Other actors in the film include Edward Wiley as Garfield, an NYPD officer who is correct in suspecting Nash as a possible perp in the homicide of Fasil; Corinne Russell as Candy, a prostitute hired by the Kurgan; Jimmy McKenna as Father Rainey; Alistair Findlay as Murdoch of Clan Frazer; Ian Reddington as Bassett; Sion Tudor Owen as Hotchkiss; Damien Leake as Tony; Richard Bonehill as Buck the hotel clerk; and Gordon Sterne as Dr. Kenderly.

Professional wrestlers Greg Gagne, Jim Brunzell, Sam Fatu, Michael Hayes, Terry Gordy, and Buddy Roberts appear as themselves in the film's opening sequence at a tag-team match. The event in the film is supposedly held at Madison Square Garden, but was actually shot at Brendan Byrne Arena in New Jersey.

== Production and development ==
=== Conception ===
Gregory Widen wrote the script for Highlander, as a class assignment while he was an undergraduate in the screenwriting program at UCLA, then under the title of Shadow Clan. Widen drew inspiration from Ridley Scott's 1977 film The Duellists, centering on the brutal decades-long feud between two swordsmen. After reading the script, Widen's instructor advised him to send it to an agent. Widen optioned the rights to Bill Panzer and Peter Davis for $1,500 in 1982, with continuing yearly payments to maintain the rights. It became the first draft of what would eventually be the screenplay for the film, which was eventually sold to Thorn EMI in 1984 for .

According to Widen, "The idea of the story was basically a combination of a riff on The Duellists—guy wants to finish a duel over years—and a visit I made both to Scotland and the Tower of London armour display, where I thought, 'What if you owned all this? What if you'd worn it all through history and were giving someone a tour of your life through it?' That scene is basically in the movie."

According to William Panzer, producer of Highlander: The Series, "And that's where everything fell into place—the idea that there are Immortals and they were in conflict with each other, leading secret lives that the rest of us are unaware of."

In a 2006 interview with The Action Elite, Gregory Widen remarked, "I've always been amazed that a project I wrote as a UCLA student has had this kind of life. I think its appeal is the uniqueness of how the story was told and the fact it had a heart and a point of view about immortality."
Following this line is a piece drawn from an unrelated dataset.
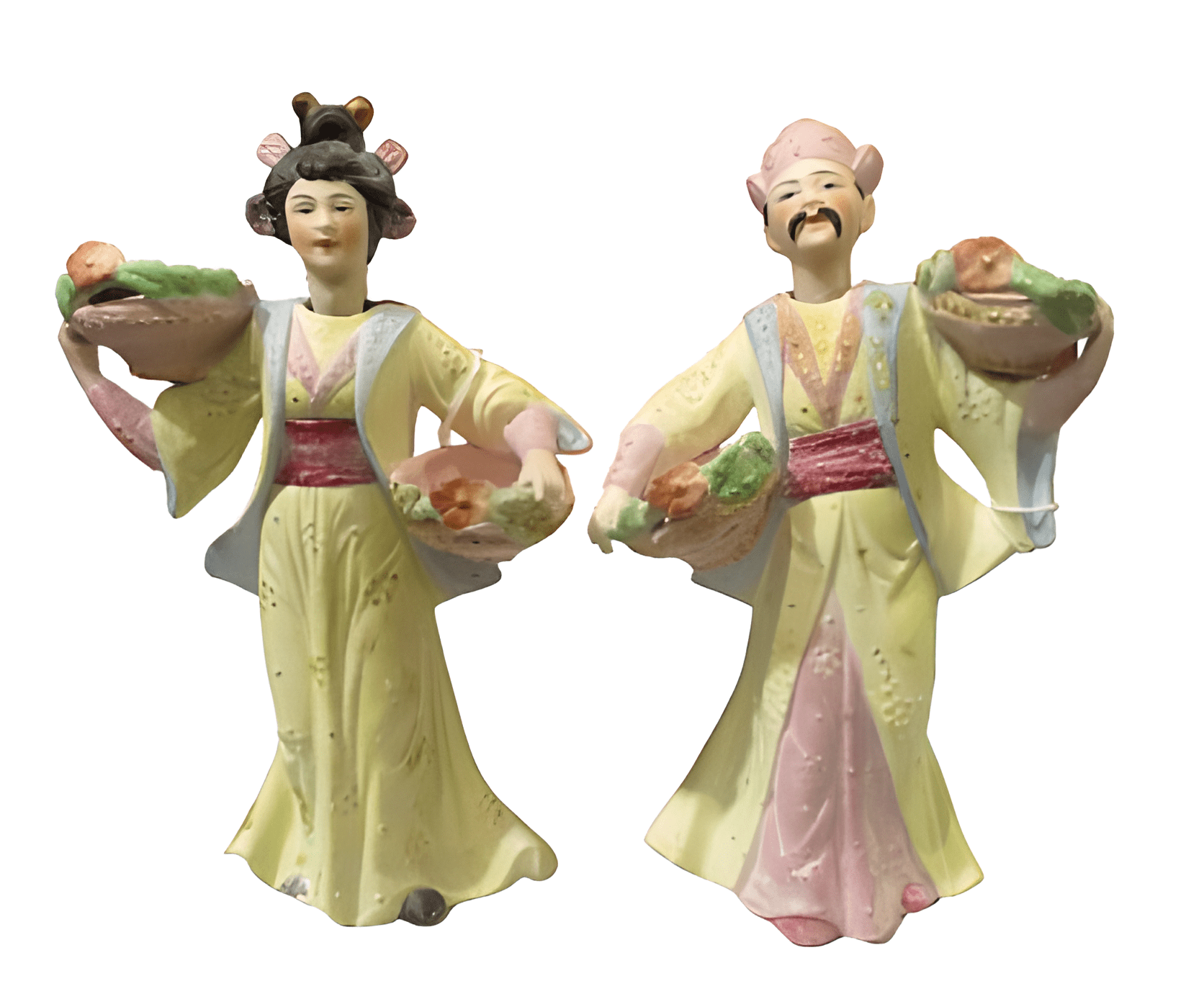 Dos figuras de porcelana biscuit, vintage, con cabezas móviles del siglo XX.

=== Writing and development ===
Widen's original draft of the script differed significantly from the film. The initial story was darker and more violent. Connor is born in 1408 rather than 1518. He lives with his mother and father and a younger brother. Heather does not exist; Connor is promised to a girl named Mara, who rejects him when she learns that he is immortal. Connor willingly leaves his village after his clan's attitude towards him changes, instead of being banished. His alias is Richard Taupin and his weapon is a custom broadsword. Ramírez is a Spaniard born in 1100, instead of an ancient Egyptian born more than two thousand years earlier. The Kurgan is known as the Knight, using the alias Carl William Smith. He is not a savage, but a cold-blooded killer. Brenda is Brenna Cartwright, a historian at the Smithsonian who sometimes helps the police.
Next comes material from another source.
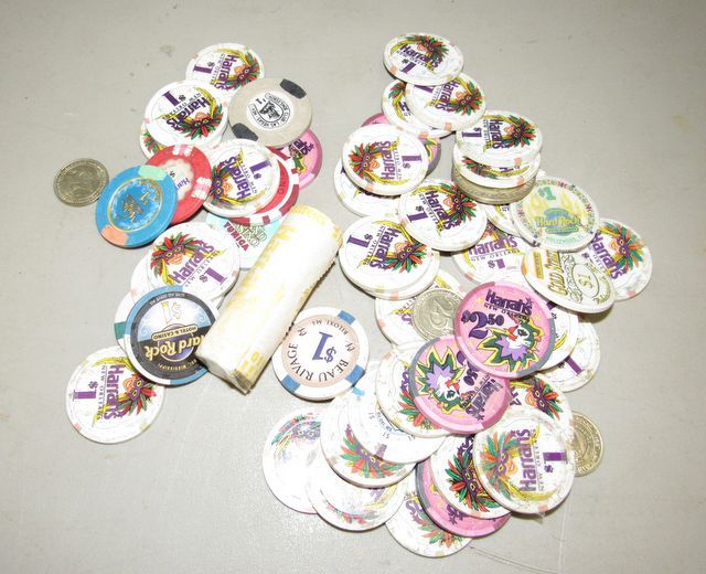 810 Harrah's One Dollar Poker Chips and 25 Cent Tokens
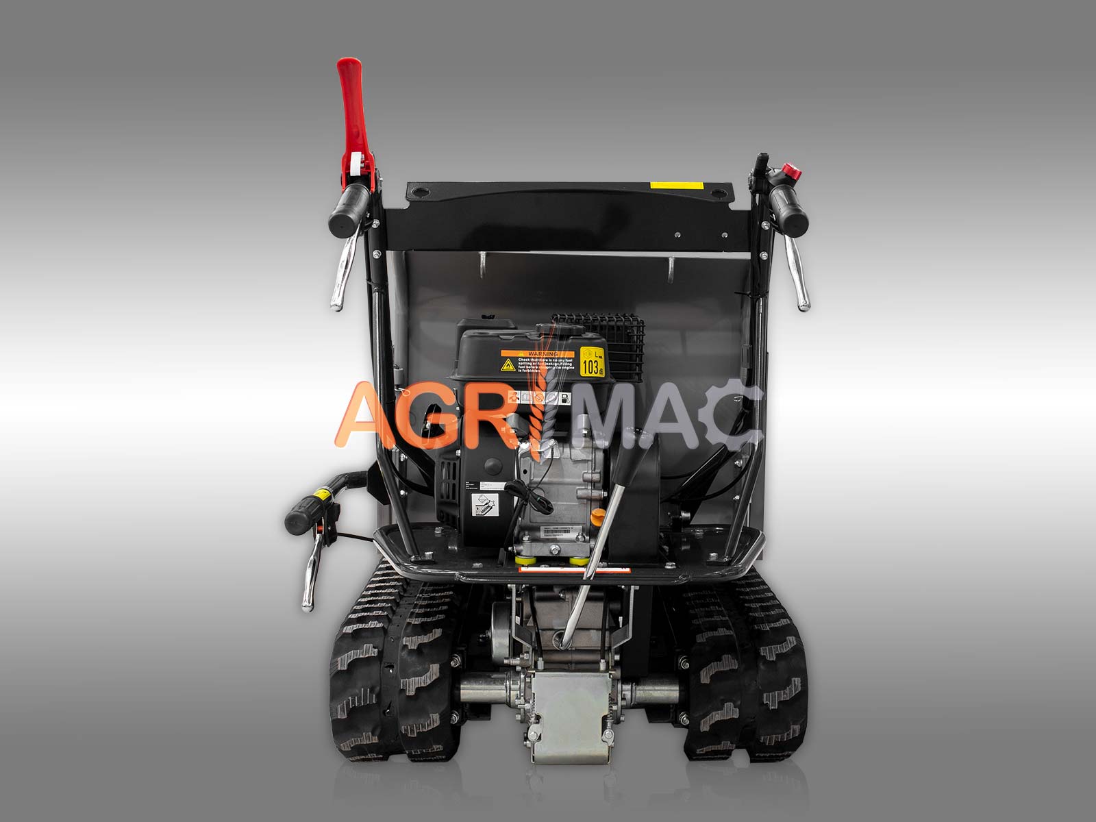 - Ερπύστριες με αυτόματο τεντωτήρα κατασκευασμένες από ειδικό ενισχυμένο καουτσούκ που εγγυώνται τέλεια πρόσφυση και σταθερότητα σε όλους τους τύπους εδάφους χάρη στο πλάτος και το πέλμα τους.

Other elements were changed during the rewrite. Initially, immortals could have children; in the draft Connor is said to have had 37. In a flashback in the first draft, Connor attends the funeral of one of his sons. His wife (in her 70s) and his two sons, who are in their mid 50s, see him revealed as an immortal. In the early draft, there is no release of energy when an immortal kills another nor is there any mention of the Prize. Immortals can still sense each other and, when Connor finally kills the Knight, he feels a sharp burning pain. As he senses another immortal nearby, the ending implies this is simply one of many battles as the Game continues.
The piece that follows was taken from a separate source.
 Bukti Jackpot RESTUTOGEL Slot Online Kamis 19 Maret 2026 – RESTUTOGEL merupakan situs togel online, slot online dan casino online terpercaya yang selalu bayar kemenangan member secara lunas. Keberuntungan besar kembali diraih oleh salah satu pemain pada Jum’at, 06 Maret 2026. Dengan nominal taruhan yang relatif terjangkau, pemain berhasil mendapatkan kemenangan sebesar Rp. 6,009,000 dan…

Director Russell Mulcahy was flipping through a magazine and saw a photograph of Christopher Lambert from his recent role as the title hero of Greystoke: The Legend of Tarzan, Lord of the Apes. At the Neuchâtel International Fantastic Film Festival in 2015, Mulcahy said he showed the photo to his production staff and "I said, 'who's this?' They had no idea. He couldn't speak English. But he had the perfect look. And he learned English very fast." Mulcahy originally considered Kurt Russell or Mickey Rourke for the role of Connor MacLeod.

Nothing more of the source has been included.